In my last post on Tuesday 7th January I was looking at the bull and bear options at the inflection point that had been forming on US indices over the previous few days. On Friday the US indices closed at the bottom of the inflection point and I was talking about that on my The Bigger Picture webinar last night, and what might be in store for us today.
Since then, at the time of writing, ES is down 45 handles, which is a clear break down. Are the US indices now resolving to the downside? Not quite yet in my view.
There is also the reality that any big bull or bear setup, like an H&S pattern or a flag, can break in the other direction, and the most likely time to see that on both is just after the first break. When any decent quality H&S breaks down (or up), there are two clear options, the first being that price breaks down (or up) towards the H&S target, and the second being that price rejects back up towards the top of the H&S head, undoing the reversal pattern, with the break over the right shoulder high being the point at which the H&S pattern has failed.

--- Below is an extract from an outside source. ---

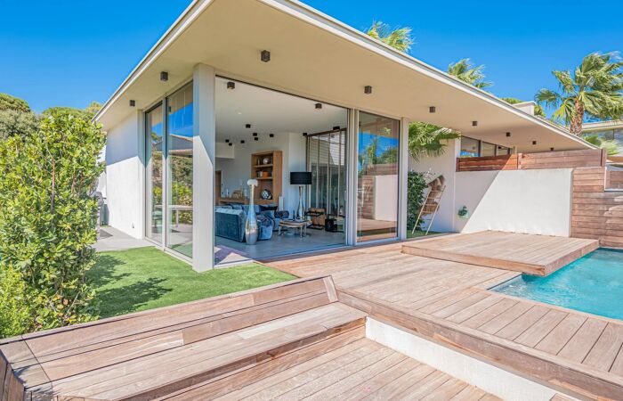À seulement quelques pas de la plage, au cœur d’un domaine sécurisé et exclusif composé de 13 villas, cette propriété contemporaine séduit par sa situation exceptionnelle à Sainte-Maxime.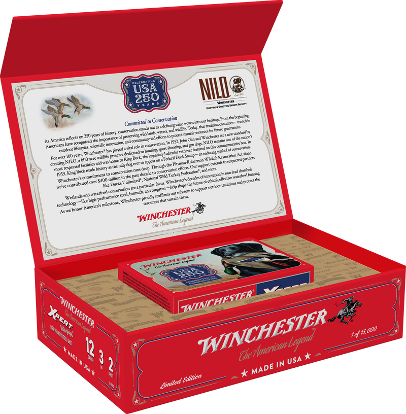 Winchester Xpert 12 Gauge shotshell ammunition in a 250th Anniversary commemorative box series. Features 2.75" shells loaded with 1-1/16 oz of #2 shot and a muzzle velocity of 1550 fps, suitable for waterfowl hunting and general shooting applications.

So how’s that looking here? Well on SPX the H&S I have been watching form for the last few weeks broke down with a target in the 5550 area on Friday afternoon, and if price follows through with a sustained move down today, then that is the target I will be looking for.
We can already see possible hourly buy signals brewing on the futures for the US indices, and we could see similar buy signals forming on SPX on a lower low under Friday’s low in the first hour this morning. If those fix that will be bullish and, on a break over the right shoulder high at 6049.75, the H&S would fail with a target at a retest of the all time high at 6099.97.
There is more though. It sometimes happens that more than one pattern forms as an H&S is forming, and in this case a possible bull flag wedge has also formed with the (red) declining resistance trendline currently in the 6000 area. On a break over that I would be leaning heavily towards an all time high retest.
SPX 60min chart:
As I was showing in my last post, there is no obvious topping pattern on the Qs and there is a very decent quality bull flag, which was testing the flag trendline I showed late December at the lows on Friday. If that breaks up (70%) then the target will be at a retest of the all time high there. If the flag breaks down (30%) and follows through on that break, then the bull flag was a disguised topping pattern, and the target would be in the 467.50 area, close to the 61.8% fib retracement of the move up from the August low.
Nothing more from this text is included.